Use custom user agent strings with automatic browser matching:

# Custom user agent with automatic browser detection
custom_ua = "MyBot/1.0 (compatible; MSIE 9.0; Windows NT 6.1)"
scraper = cloudscraper.create_scraper(
    browser={'custom': custom_ua}
)

print(scraper.headers['User-Agent'])  # Uses custom user agent
print(scraper.cipherSuite)            # Automatically selected cipher suite

# Custom user agent with Chrome characteristics
chrome_custom = "Mozilla/5.0 (Windows NT 10.0; Win64; x64) AppleWebKit/537.36 (KHTML, like Gecko) MyApp/1.0 Chrome/120.0.0.0 Safari/537.36"
scraper = cloudscraper.create_scraper(
    browser={'custom': chrome_custom}
)

# If custom UA matches known browser, uses browser's headers and ciphers
# Otherwise, uses generic headers and ciphers

Fallback Behavior for Custom User Agents

Handle custom user agents that don't match known browsers:

# Custom user agent that doesn't match any known browser
unknown_ua = "CustomScraper/1.0"
scraper = cloudscraper.create_scraper(
    browser={'custom': unknown_ua}
)

# Uses generic headers and cipher suite
print("Headers:")
for key, value in scraper.headers.items():
    print(f"  {key}: {value}")

print(f"\nCipher Suite: {scraper.cipherSuite}")
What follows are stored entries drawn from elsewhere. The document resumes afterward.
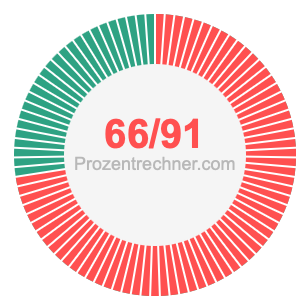 Was ist 66/91 in Prozent? Wie viel ist 66/91 in Prozent? Wie viel Prozent sind 66/91? Hier erklären und zeigen wir Ihnen, wie Sie 66/91 in Prozent berechnen und umrechnen können.
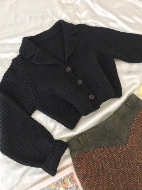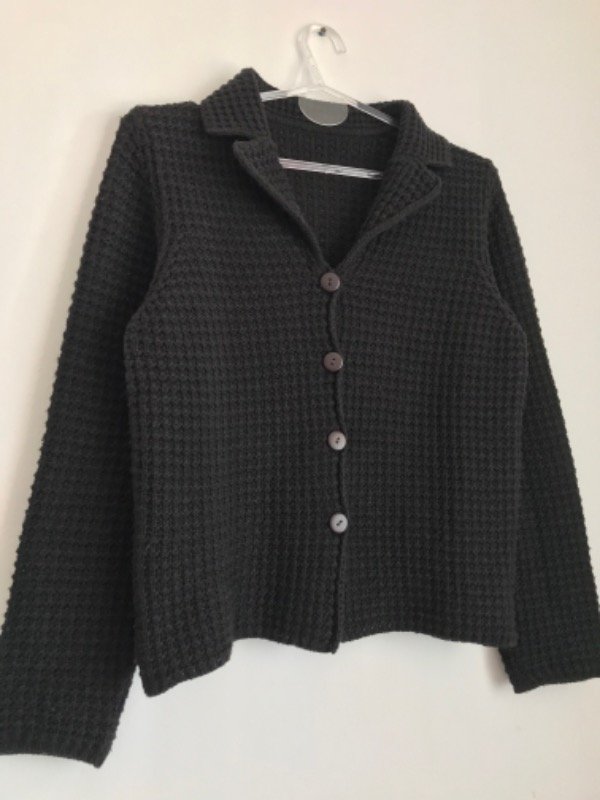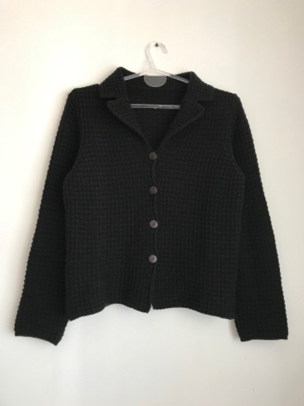 Cardigan negro, tejido como en cuadraditos,
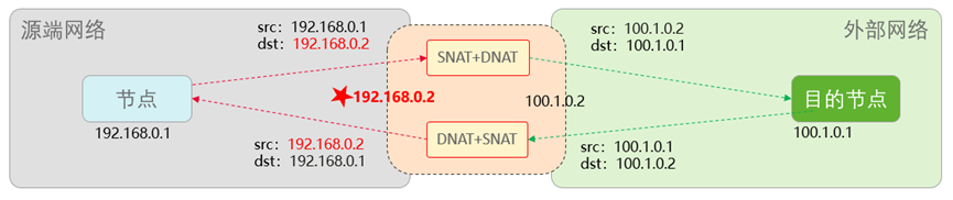 但是Fullnat的时候(即SNAT+DNAT一起用),则不用感知对方的实际IP了,对方已经在你方网络内,放置了一个“代理人”(下图标星处)。你只需要跟“代理人”通话,自然会传递到目的地。
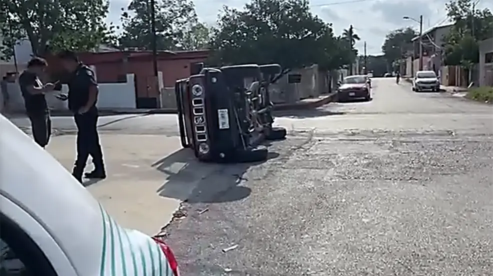 Otro incidente vehicular, pero esta vez en la colonia Bojórquez de Mérida, terminó con una camioneta de caja cerrada resultó volcada tras ser impactada por un auto Versa. El accidente ocurrió en la intersección de la calle 59-D y la calle 114, donde el conductor de la camioneta no respetó la señal de alto y fue golpeado por el Versa, que transitaba hacia el sur.
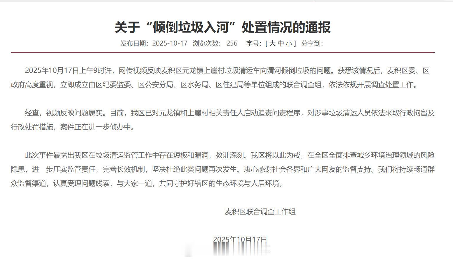 晚间,麦积区人民政府发布通报称:经查,视频反映问题属实。目前,我区已对元龙镇和上崖村相关责任人启动追责问责程序,对涉事垃圾清运人员依法采取行政拘留及行政处罚措施,案件正在进一步侦办中。
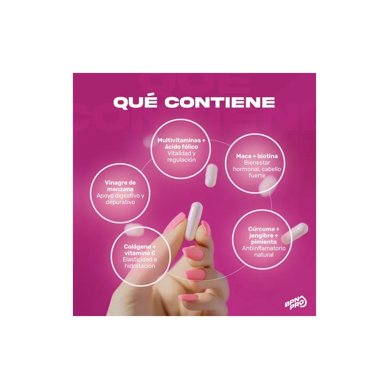 Proporciona las vitaminas necesarias para el funcionamiento correcto de la mujer.
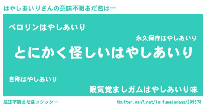 | 欧米人風あだ名 | 『ウサインはやしあいり』 |
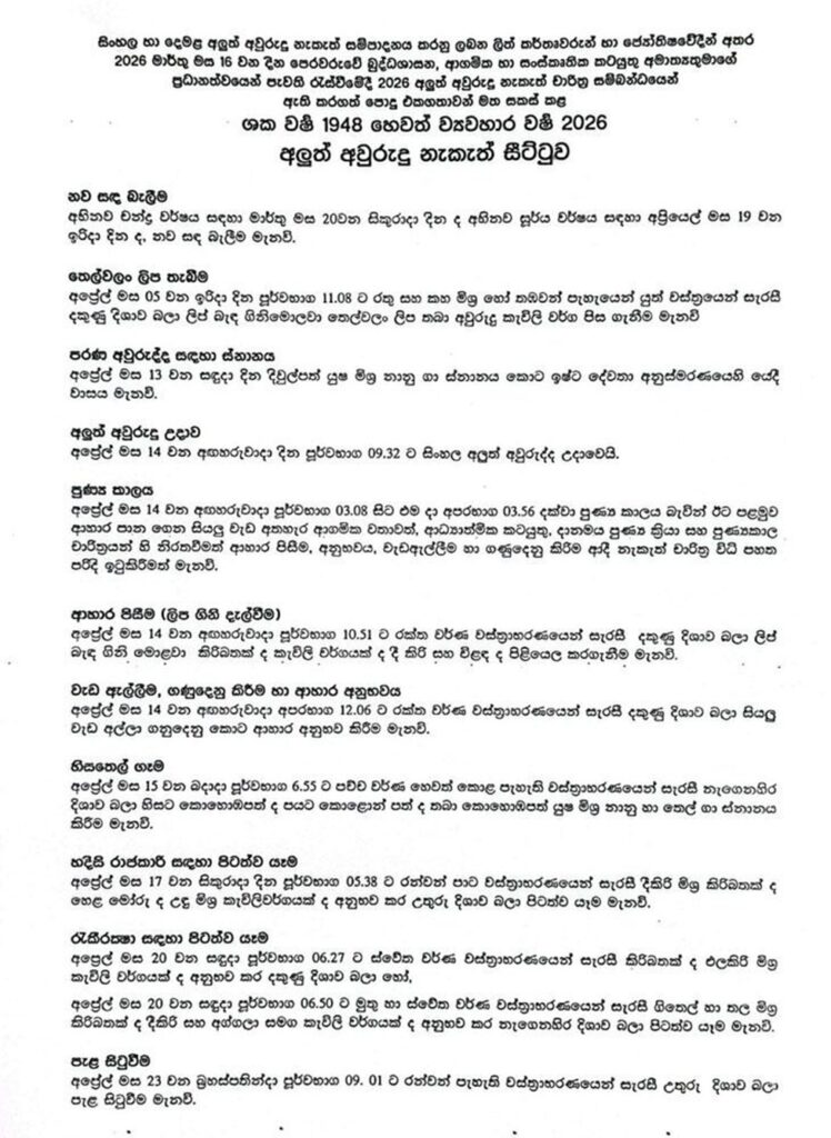 2026 වසරේ සිංහල හා දෙමළ අලුත් අවුරුද්ද සඳහා වන අවුරුදු නැකත් සීට්ටුව නිල වශයෙන් නිකුත් කර ඇති බව බුද්ධශාසන, ආගමික හා සංස්කෘතික කටයුතු අමාත්ය හිනිදුම සුනිල් සෙනෙවි මහතා පැවසීය. එම නිල නැකැත් සීට්ටුව පහත පළ වේ.
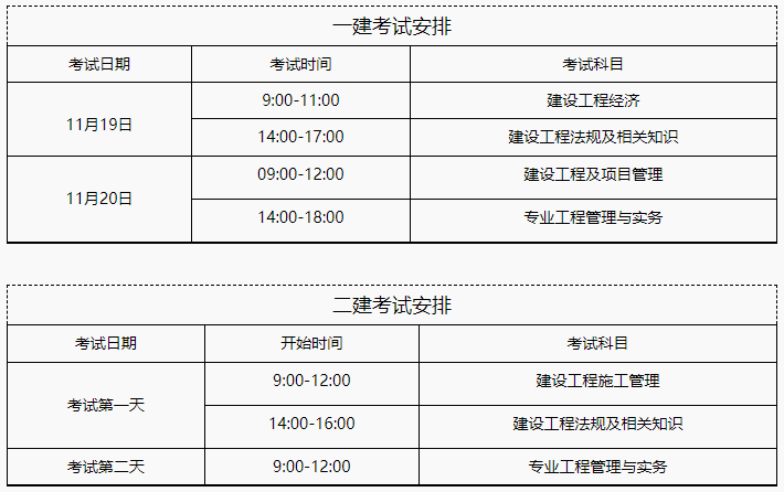 從考試安排來看:一級建造師執(zhí)業(yè)資格考試以筆試的方式進行,為閉卷考試。實行統(tǒng)一大綱、統(tǒng)一命題、統(tǒng)一組織的考試制度,由人事部、建設部共同組織實施,每年舉行一次考試;二建由于各省自主命題,考試時間需參照各省的人事考試中心網(wǎng)站。在科目上,二建比一建少考一項科目。具體考試時間和考試科目如下。
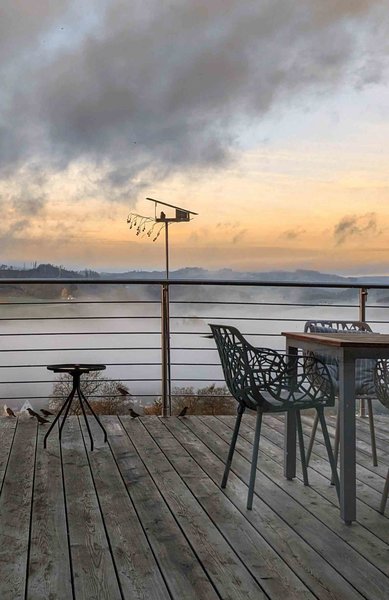 Eine Vintage-Werkbank dient bei @tirolliving als gesellige Kücheninsel. @Sunborn hat für uns den stimmungsvollen Morgennebel auf ihrer Holzterrasse eingefangen.
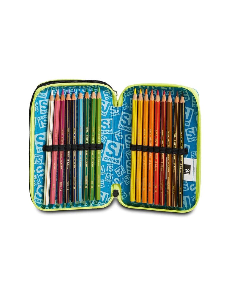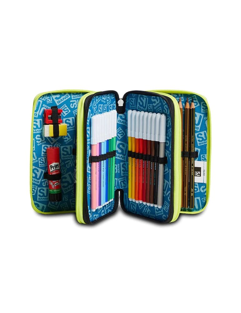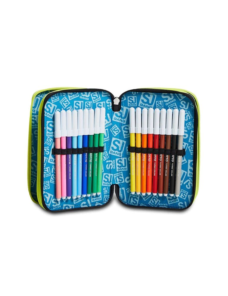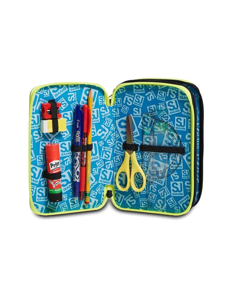 Ciao! Sono il coloratissimo Astuccio 3 zip SJ Gang. Dotato di 3 scomparti completi di tutto il materiale necessario per fare al meglio i tuoi lavori di scuola, abbinami a uno zaino o a un trolley SJ Gang.

# Expected output uses fallback configuration:
# User-Agent: CustomScraper/1.0
# Accept: text/html,application/xhtml+xml,application/xml;q=0.9,image/webp,image/apng,*/*;q=0.8
# Accept-Language: en-US,en;q=0.9
# Accept-Encoding: gzip, deflate, br

Browser Headers and Fingerprinting

HTTP Headers by Browser

Different browsers send different HTTP headers:

# Compare headers between browsers
browsers = ['chrome', 'firefox']

for browser in browsers:
    scraper = cloudscraper.create_scraper(browser=browser)
    print(f"\n{browser.upper()} Headers:")
    for key, value in scraper.headers.items():
        print(f"  {key}: {value}")

# Chrome typical headers:
# User-Agent: Mozilla/5.0 (Windows NT 10.0; Win64; x64) AppleWebKit/537.36...
# Accept: text/html,application/xhtml+xml,application/xml;q=0.9,image/webp,image/apng,*/*;q=0.8
# Accept-Language: en-US,en;q=0.9
# Accept-Encoding: gzip, deflate, br

# Firefox typical headers:
# User-Agent: Mozilla/5.0 (Windows NT 10.0; Win64; x64; rv:120.0) Gecko/20100101 Firefox/120.0
# Accept: text/html,application/xhtml+xml,application/xml;q=0.9,*/*;q=0.8
# Accept-Language: en-US,en;q=0.5
# Accept-Encoding: gzip, deflate, br

TLS Cipher Suites

Browser-specific TLS cipher suite configurations:

# Compare cipher suites between browsers
browsers = ['chrome', 'firefox']

for browser in browsers:
    scraper = cloudscraper.create_scraper(browser=browser)
    print(f"\n{browser.upper()} Cipher Suite:")
    print("  " + "\n  ".join(scraper.cipherSuite[:5]))  # First 5 ciphers
    print(f"  ... and {len(scraper.cipherSuite) - 5} more")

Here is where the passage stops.